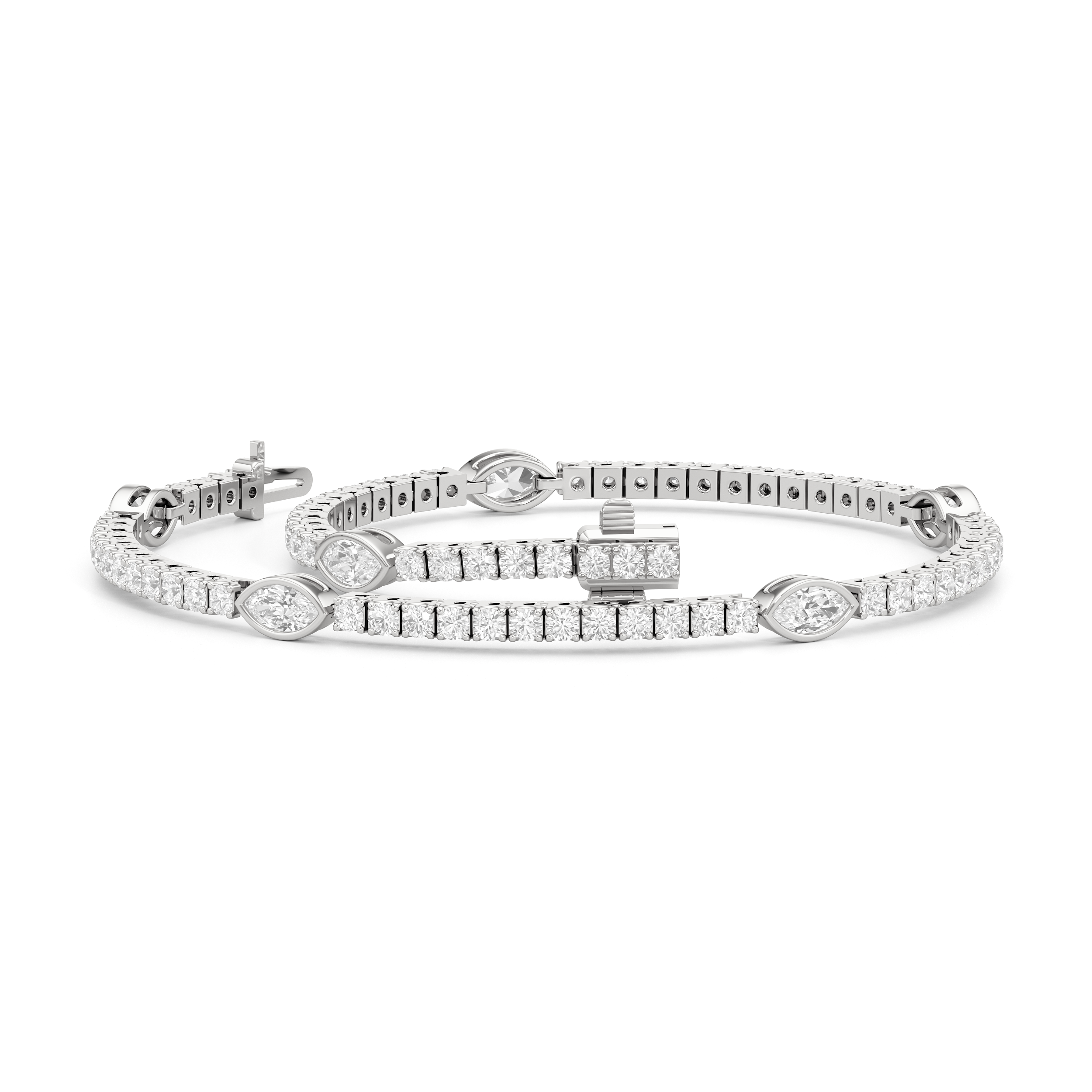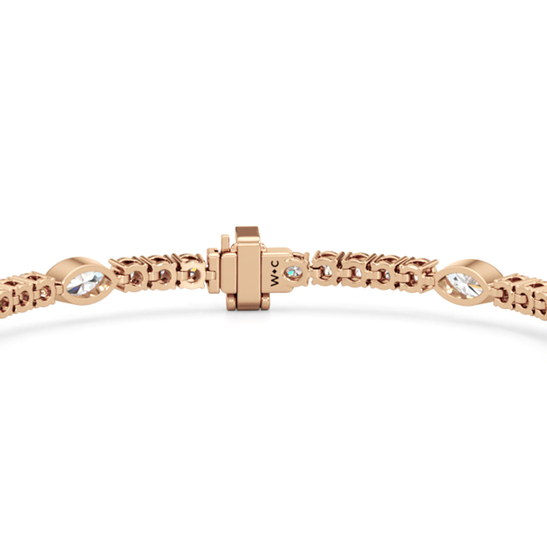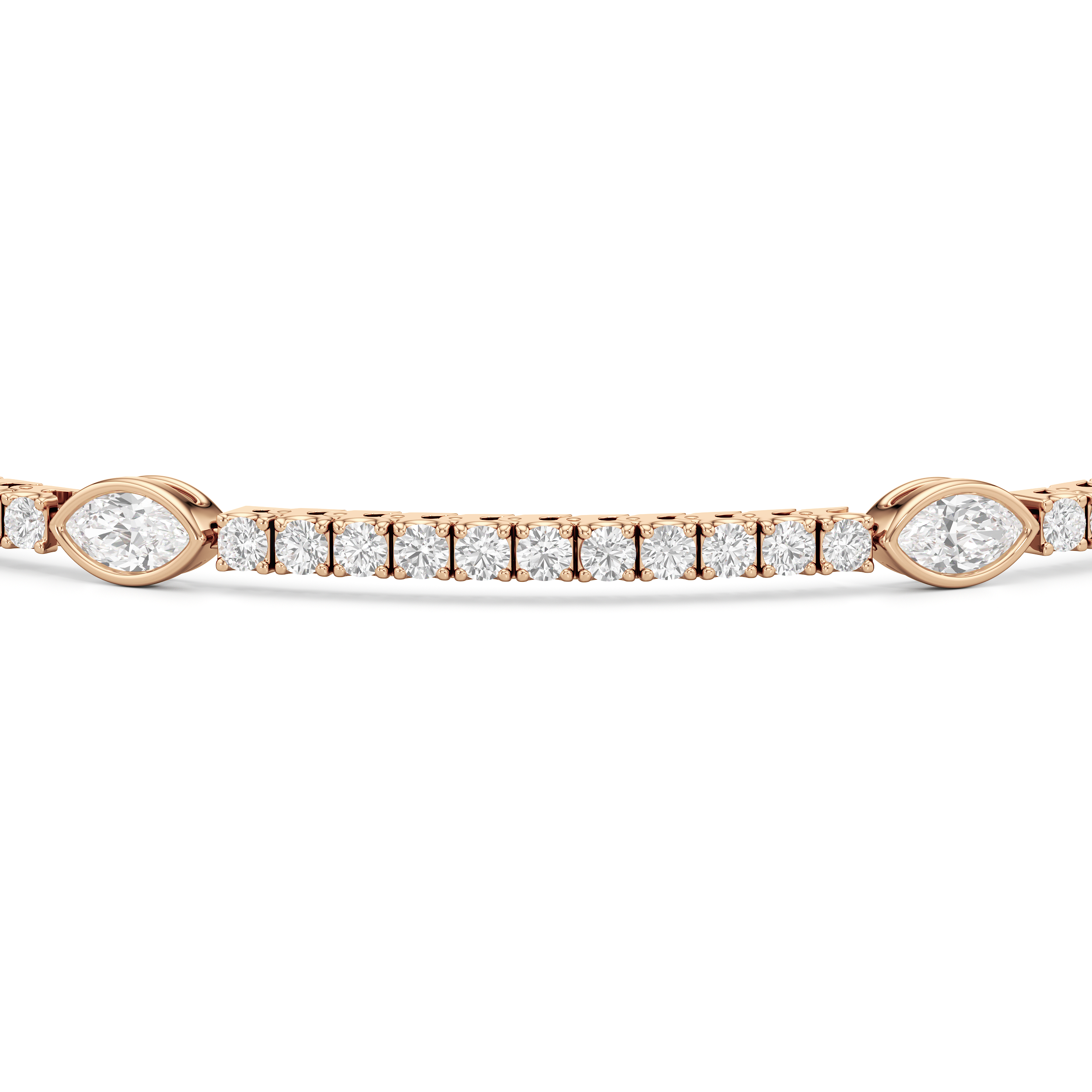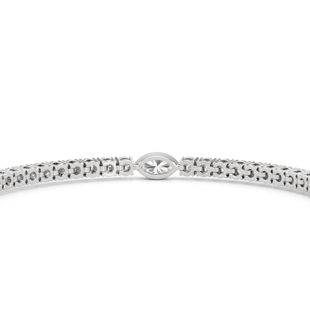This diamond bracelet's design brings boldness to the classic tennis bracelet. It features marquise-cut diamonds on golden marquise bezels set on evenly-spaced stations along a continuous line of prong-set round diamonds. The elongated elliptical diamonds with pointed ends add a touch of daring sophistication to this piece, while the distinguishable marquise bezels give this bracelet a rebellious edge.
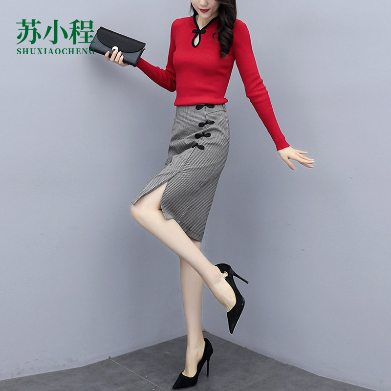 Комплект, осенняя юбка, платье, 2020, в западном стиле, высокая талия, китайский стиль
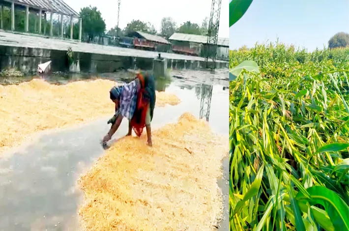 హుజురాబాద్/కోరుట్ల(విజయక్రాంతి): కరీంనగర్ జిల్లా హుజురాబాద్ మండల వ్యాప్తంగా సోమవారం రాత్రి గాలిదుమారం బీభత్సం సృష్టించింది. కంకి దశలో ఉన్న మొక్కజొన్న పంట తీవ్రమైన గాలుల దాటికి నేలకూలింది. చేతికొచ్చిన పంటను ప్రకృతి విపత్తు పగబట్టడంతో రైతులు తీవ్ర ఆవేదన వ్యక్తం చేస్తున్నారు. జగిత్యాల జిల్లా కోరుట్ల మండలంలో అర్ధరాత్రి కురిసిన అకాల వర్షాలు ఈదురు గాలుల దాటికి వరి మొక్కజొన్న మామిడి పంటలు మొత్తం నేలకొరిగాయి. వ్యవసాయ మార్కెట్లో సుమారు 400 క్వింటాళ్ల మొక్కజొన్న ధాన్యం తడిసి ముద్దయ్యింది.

● ● ● ● ● ● ●

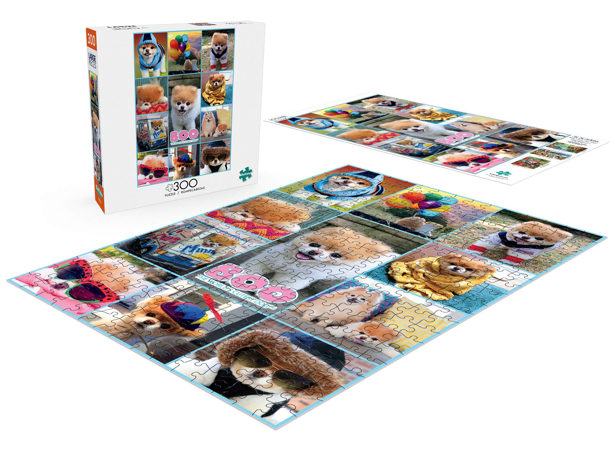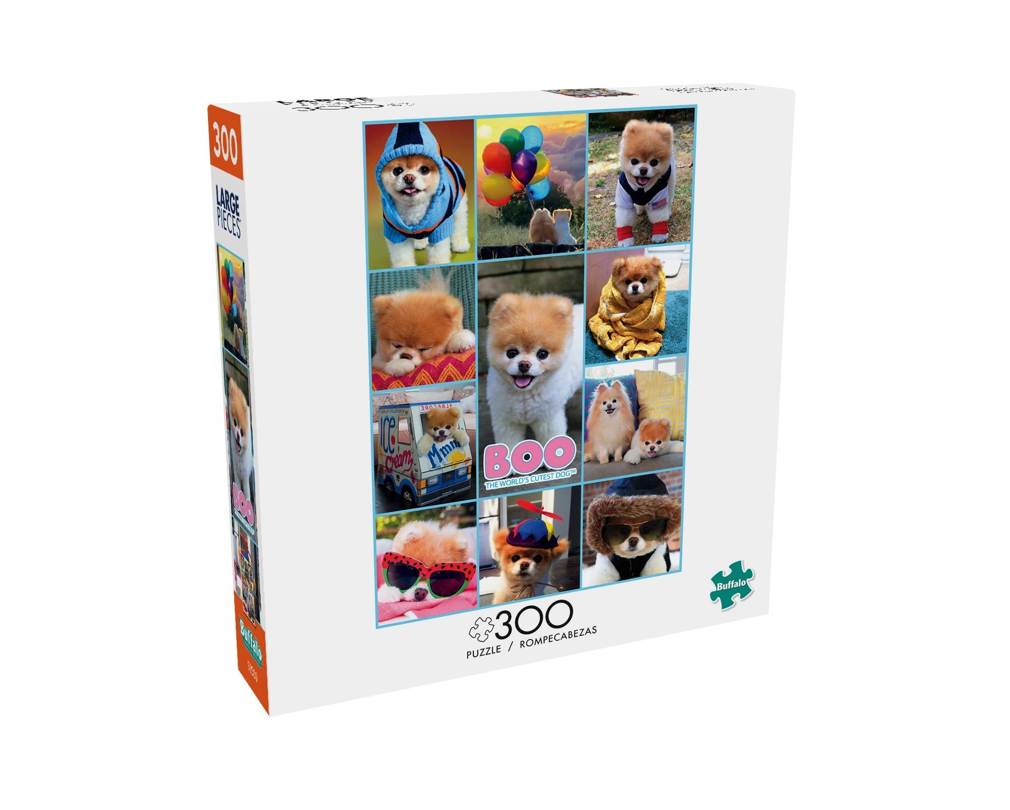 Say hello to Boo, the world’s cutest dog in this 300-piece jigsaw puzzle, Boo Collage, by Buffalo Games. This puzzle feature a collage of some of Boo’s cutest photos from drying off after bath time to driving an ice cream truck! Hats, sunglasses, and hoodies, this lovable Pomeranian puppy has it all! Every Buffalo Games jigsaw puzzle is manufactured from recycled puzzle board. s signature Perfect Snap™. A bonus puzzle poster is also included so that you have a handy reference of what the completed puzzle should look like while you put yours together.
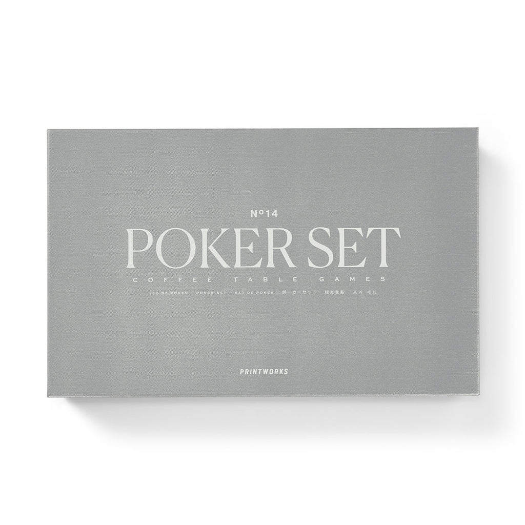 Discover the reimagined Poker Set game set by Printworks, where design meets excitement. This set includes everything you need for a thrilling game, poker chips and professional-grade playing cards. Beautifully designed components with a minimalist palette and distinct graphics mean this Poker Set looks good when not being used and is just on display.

● ● ● ● ● ● ●

## TASK
Above are the records; copy exactly the lines from the one with "This diamond bracelet's" through the one with "హుజురాబాద్/కోరుట్ల(విజయక్రాంతి): కరీంనగర్ జిల్లా", including both, and nothing more. Leave out pictures.

## FINISHED EXERCISE
This diamond bracelet's design brings boldness to the classic tennis bracelet. It features marquise-cut diamonds on golden marquise bezels set on evenly-spaced stations along a continuous line of prong-set round diamonds. The elongated elliptical diamonds with pointed ends add a touch of daring sophistication to this piece, while the distinguishable marquise bezels give this bracelet a rebellious edge.
 Комплект, осенняя юбка, платье, 2020, в западном стиле, высокая талия, китайский стиль
 హుజురాబాద్/కోరుట్ల(విజయక్రాంతి): కరీంనగర్ జిల్లా హుజురాబాద్ మండల వ్యాప్తంగా సోమవారం రాత్రి గాలిదుమారం బీభత్సం సృష్టించింది. కంకి దశలో ఉన్న మొక్కజొన్న పంట తీవ్రమైన గాలుల దాటికి నేలకూలింది. చేతికొచ్చిన పంటను ప్రకృతి విపత్తు పగబట్టడంతో రైతులు తీవ్ర ఆవేదన వ్యక్తం చేస్తున్నారు. జగిత్యాల జిల్లా కోరుట్ల మండలంలో అర్ధరాత్రి కురిసిన అకాల వర్షాలు ఈదురు గాలుల దాటికి వరి మొక్కజొన్న మామిడి పంటలు మొత్తం నేలకొరిగాయి. వ్యవసాయ మార్కెట్లో సుమారు 400 క్వింటాళ్ల మొక్కజొన్న ధాన్యం తడిసి ముద్దయ్యింది.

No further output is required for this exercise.